Amounts a patient could possess and other rules would be set by a board of physicians and advisers.
HB 136 says “A list of qualifying medical conditions for which medicinal cannabis practitioners may provide a patient with a written certification for the use of medicinal cannabis ... shall, at a minimum, include the following:
a. Any type or form of cancer, regardless of stage;
b. Chronic, severe, intractable, or debilitating pain;
c. Epilepsy or any other intractable seizure disorder;
d. Multiple sclerosis, muscle spasms, or spasticity; and
e. Nausea or vomiting.
For a full copy of proposed legislation and amendments, visit this
link.
HB 224 by Kulkarni makes possession of a personal-use quantity of cannabis exempt from civil or criminal penalty and takes up expungement of certain pot offenses. HB 225 involves a proposed constitutional amendment to guarantee the right of an individual 21 or older to possess, use, buy or sell one ounce or less of cannabis.
“It really is only a matter of time until every state and commonwealth, including Kentucky, has passed a legalization law,” says a professor in addiction and marijuana policy at Salmon P. Chase College of Law at Northern Kentucky University.

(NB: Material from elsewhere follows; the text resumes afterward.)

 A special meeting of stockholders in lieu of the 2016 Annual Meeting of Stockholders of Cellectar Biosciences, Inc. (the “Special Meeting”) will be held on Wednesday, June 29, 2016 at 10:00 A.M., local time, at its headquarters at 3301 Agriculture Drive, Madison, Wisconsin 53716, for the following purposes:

According to Alex Kreit, who is also director of the Chase Center on Addiction Law & Policy, “I’ll leave it to the political prognosticators to gauge the odds of a bill passing this session, but I do think that marijuana legalization in Kentucky is a matter of when and not if at this point,” Kreit says.
Support for taxing and regulating marijuana continues to increase, the law professor says. The Pew Research Center, which has polled on the issue annually,
found last year that less than 10% of adults said marijuana should be illegal for all purposes, and 60% supported legalization for recreational use.
“This is an issue that has support across the political spectrum, including in some deeply conservative states. In 2020, voters in South Dakota and Montana approved marijuana legalization ballot measures, so this isn’t just an issue that is popular in so-called blue states," Kreit says.
“Although I know that there is opposition that may make getting a bill through the legislature difficult in the near future, legalization has the potential to generate a lot of good jobs in Kentucky, especially in the agriculture space. So, some lawmakers who are skeptical right now might end up being convinced that the benefits of legalization outweigh the costs when they take a closer look.”
Federally,
a draft bill is being worked on, but questions in some states and among researchers call into question the medical effects of high-THC cannabis,
including a possible link to psychosis.
In his annual “airing of grievances” on the Seinfeld-inspired Festivus holiday, U.S. Sen. Rand Paul, R-Ky., shared a couple weed-related tweets.
“Democrats control the House, Senate, and White House and we still can’t get cannabis banking reform bills passed. This should be a complete no brainer, as so many states have legalized now and we need business to operate,” Paul wrote on Twitter.
In another, Paul tweeted: “I would go much further and end the federal war on a plant entirely, but at LEAST let legal business operate as legal business.”
Paul’s likely opponent is Louisville’s Charles Booker, a former state representative who is seeking the Democratic nomination for Senate. Booker tweeted in November: “When I get to the Senate, I will file the legislation to finally legalize cannabis, and will call it the Gatewood Galbraith Justice and Healing Act.”